== Aim of the exercise ==
From the records below, set down exactly the lines starting with the line that contains "卢昌义为嘉庚学院学子作红树林主题演讲 图片来源:厦门大学" and going on through the line that contains "実は石膏でできた、フェイクス". Nothing else is wanted.

== Supplied data ==
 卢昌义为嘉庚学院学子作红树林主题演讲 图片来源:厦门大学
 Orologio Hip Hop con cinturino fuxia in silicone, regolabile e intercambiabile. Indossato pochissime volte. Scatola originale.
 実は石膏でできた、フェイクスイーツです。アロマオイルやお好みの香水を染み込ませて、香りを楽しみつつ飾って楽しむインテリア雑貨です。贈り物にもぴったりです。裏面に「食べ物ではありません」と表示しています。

---

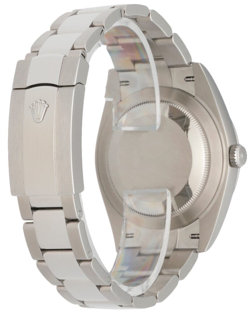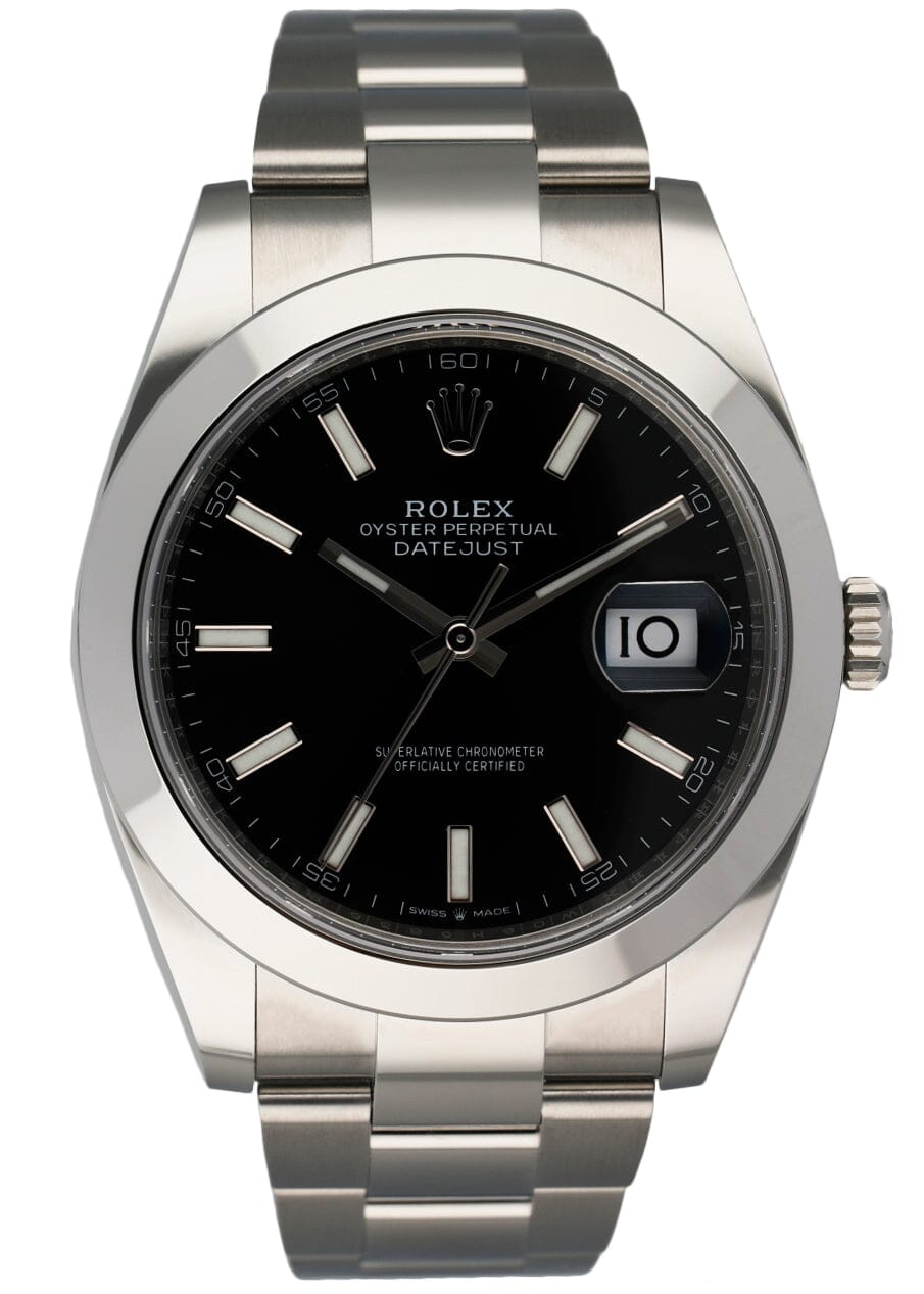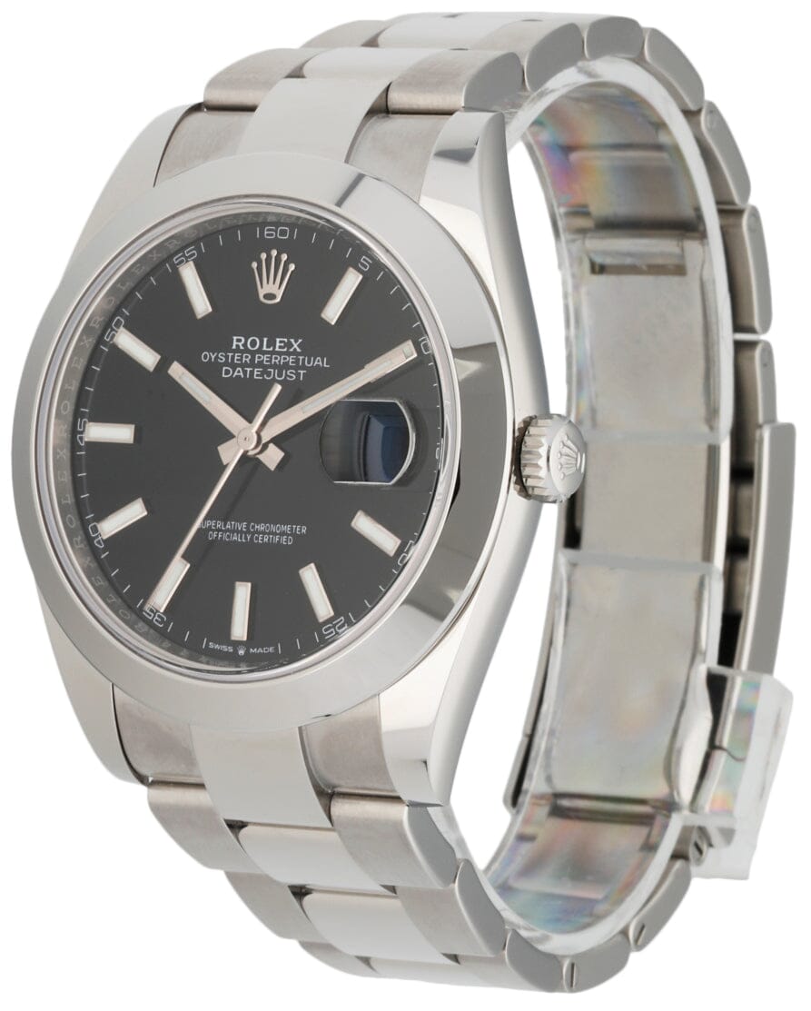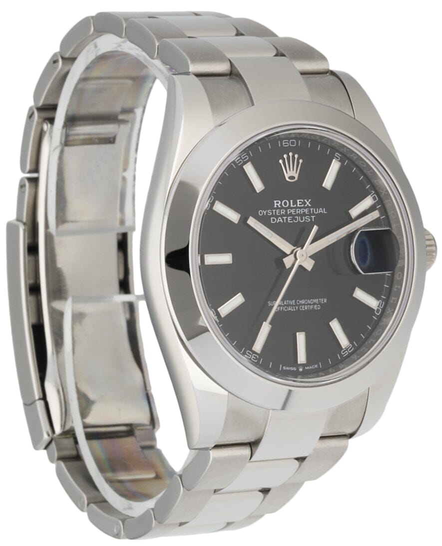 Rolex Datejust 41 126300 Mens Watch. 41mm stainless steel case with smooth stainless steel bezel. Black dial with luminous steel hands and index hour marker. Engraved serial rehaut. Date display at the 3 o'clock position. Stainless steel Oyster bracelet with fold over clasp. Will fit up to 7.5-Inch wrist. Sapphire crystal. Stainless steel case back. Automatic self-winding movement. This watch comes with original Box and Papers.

---

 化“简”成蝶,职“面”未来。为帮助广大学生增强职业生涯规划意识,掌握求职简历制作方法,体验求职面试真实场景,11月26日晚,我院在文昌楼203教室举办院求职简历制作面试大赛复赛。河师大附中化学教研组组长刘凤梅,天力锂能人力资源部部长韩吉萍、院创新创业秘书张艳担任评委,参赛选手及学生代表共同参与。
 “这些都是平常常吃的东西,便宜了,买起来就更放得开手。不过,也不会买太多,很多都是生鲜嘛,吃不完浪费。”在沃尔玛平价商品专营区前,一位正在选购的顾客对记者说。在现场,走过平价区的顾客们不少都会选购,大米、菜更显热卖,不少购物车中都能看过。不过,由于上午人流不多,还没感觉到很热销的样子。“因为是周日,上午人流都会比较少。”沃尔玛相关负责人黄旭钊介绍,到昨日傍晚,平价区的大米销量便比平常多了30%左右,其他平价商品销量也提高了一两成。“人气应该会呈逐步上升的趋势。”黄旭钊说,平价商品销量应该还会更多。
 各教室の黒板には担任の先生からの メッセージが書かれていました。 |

== Task output ==
 卢昌义为嘉庚学院学子作红树林主题演讲 图片来源:厦门大学
 Orologio Hip Hop con cinturino fuxia in silicone, regolabile e intercambiabile. Indossato pochissime volte. Scatola originale.
 実は石膏でできた、フェイクスイーツです。アロマオイルやお好みの香水を染み込ませて、香りを楽しみつつ飾って楽しむインテリア雑貨です。贈り物にもぴったりです。裏面に「食べ物ではありません」と表示しています。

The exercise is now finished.